Tunisia and what we can learn

Tunisia's uprising is extraordinarily interesting. Of course, seeing people stand up against corruption is always heartening, but it also gives incite into what is and is not effective for people advocating for change with limited means to do so legally. In an interview with Democracy Now's Amy Goodman, Jual Cole explains that it's not just an uprising with a singular source:

All revolutions are multiple revolutions happening at the same time. So there’s a strong element of economic protest. There’s a class element. Twenty percent of college graduates are unemployed. There’s extreme poverty in the rural areas. And the regime was doing things that interfered with economic development. They would use the banks to give out loans to their cronies, and then the cronies wouldn’t pay back the banks, so they were undermining the financial system. And that made it—and the extremeness of the dictatorship, the demands constantly for bribes, discouraged foreign investment. So the regime was all about itself. It was doing things that were counterproductive. And it injured the interests of many social groups—the college-educated, the workers. Now, the three ministers that pulled back out of the national unity government today were from the General Union of Tunisian Workers, which is an old, longstanding labor organization. So, it was a mass movement; it included people from all kinds of backgrounds.

Juan Cole continues to impress me. It's easy to think of revolutionaries as a monolithic group, but the reason so few are successful is because the reality is much different than the ideal. Though direct opposition to a revolt often quashes it, the times that violence attain the desired effect of suppression require different tactics.

The Tunisian government is attempting perhaps the most insidious of tactics to deal with the revolution: fracturing. The idea being to give concessions to some of the groups while leaving the rest oppressed. It was particularly effective against the labor movements of the early 1900's whose members were often deeply bigoted white supremacists (though not nearly as violent as generations previous and relatively innocuous compared to violent racists in the same time period).

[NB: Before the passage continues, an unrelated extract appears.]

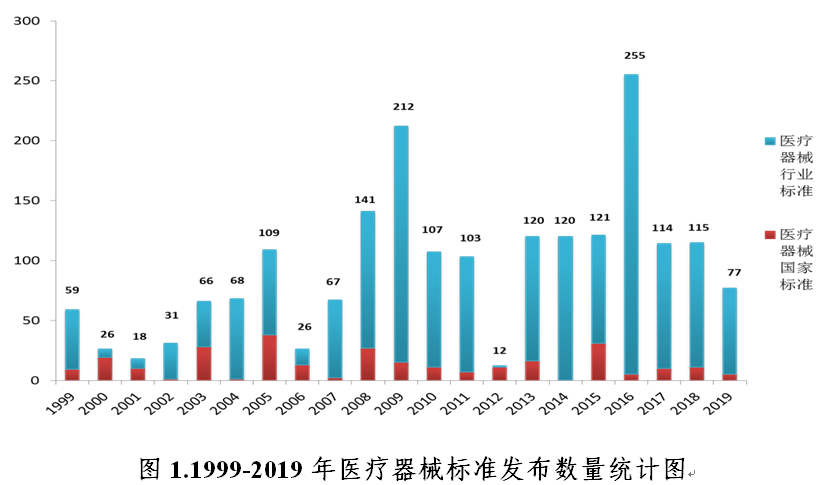 (一)标准数量稳步增长。“十五”“十一五”和“十二五”期间分别发布医疗器械标准292项、553项和476项。“十三五”即将收官,截至2019年底,已发布医疗器械标准共561项,自1999年-2019年20年来医疗器械标准发布数量稳步增长(图1)。经历了起步发展期和高速度增长期后,医疗器械标准技术体系从体量上已基本满足监管和产业发展需求,随着科技进步、产业发展和监管理念的转变,医疗器械标准已走上质量效率并重的集约型发展道路。
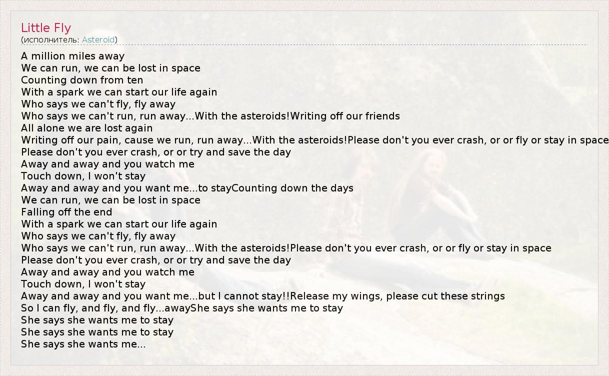 А как ты думаешь, о чем песня "Little Fly" ?

The Tunisians government has already tried a few concessions. The BBC describes them as "dramatic", but based on the details available they seem quite sparse. The president has promised to stand down in 2014 and to reduce food prices. Investigations have been opened into the President, his bank accounts and his financial connection to his network of nepotism. The curfew has been reduced (though not removed), but that might be the only real, substantial change.

The Tunisian protesters, to their merit, seem unfazed. They seem to recognize that promises made while they are active are unlikely to be followed through upon by the dictator if he's allowed to retake control, and very little has changed since then. If they stay together, I'll be excited to see how far they can take their country with regards to eliminating corruption and obtaining truly democratic representation.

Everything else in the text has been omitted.